= Alex Paul Menon =

Indian civil servant

Alex Paul Menon is an Indian Administrative Services officer of 2006 batch. He was kidnapped by Maoist rebels in Chhattisgarh state in 2012 and freed after 12 days of captivity. He is currently posted as Development Commissioner of MEPZ Special Economic Zone which Includes TAP (Tamil Nadu, Andaman Nicobar Islands, Pondicherry ) Region .

== Early life ==
Alex Paul Menon was named after famous politician V. K. Krishna Menon by his father who was affiliated with Indian National Congress. Mr.
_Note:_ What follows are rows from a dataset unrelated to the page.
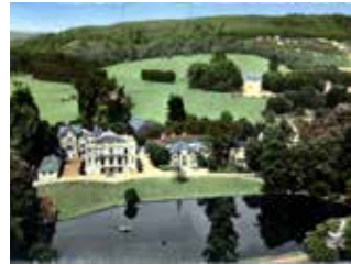
Domaine de Bury XVII e siècle d
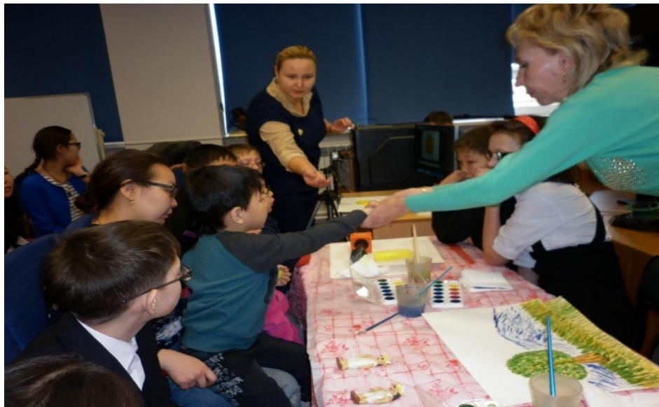
Мастер-класс, проводимый в Национальной библиотеке РБ.

Практические занятия в основном представлены мастер-классами и направлены на формирование профессиональных практических действий (умений) и развитие опыта коррекционно-развивающей деятельности в области социализации детей с нарушениями в развитии.
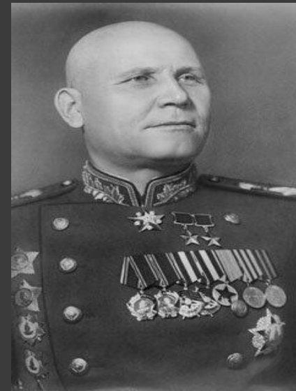
Иван Степанович Конев

5 декабря в бой пошли основные силы 31 и 29 армий. Это было одно из тех наступлений, которое в прах развеяло миф о непобедимости гитлеровской армии.
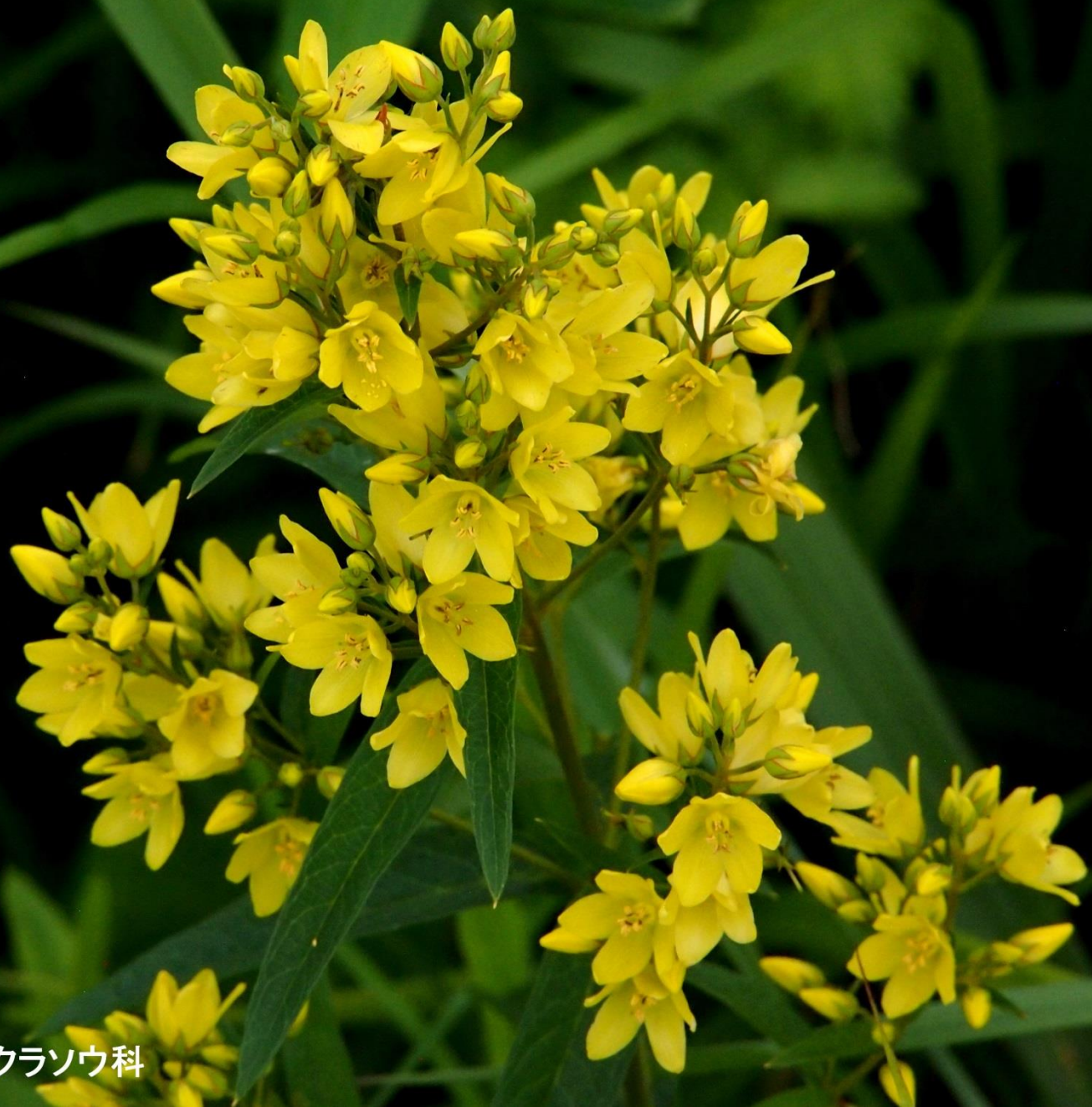
クサレダマ(草蓮玉) サクラソウ科
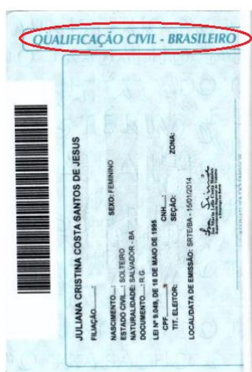
Figura 5: Página de qualificação civil.

Alex Menon did electronics engineering from Madurai Kamaraj University and earned a master's degree in public policy.

== Career ==
Menon started his career in 2007 working at Govt of Chhattisgarh as an IAS officer.

== Kidnap ==
On April 21, 2012, Menon attended a meeting of tribal villagers to hear about their problems and developmental needs and to announce the introduction of modern agriculture and horticulture techniques to boost the income of villagers at Majhipara, a Sukma village. While he was attending the meeting, the rebels killed two security guards traveling with Menon and kidnapped him taking as a hostage. He was released from captivity on May 3, 2012. Menon is the first collector to have been abducted by the Maoists in Chhattisgarh.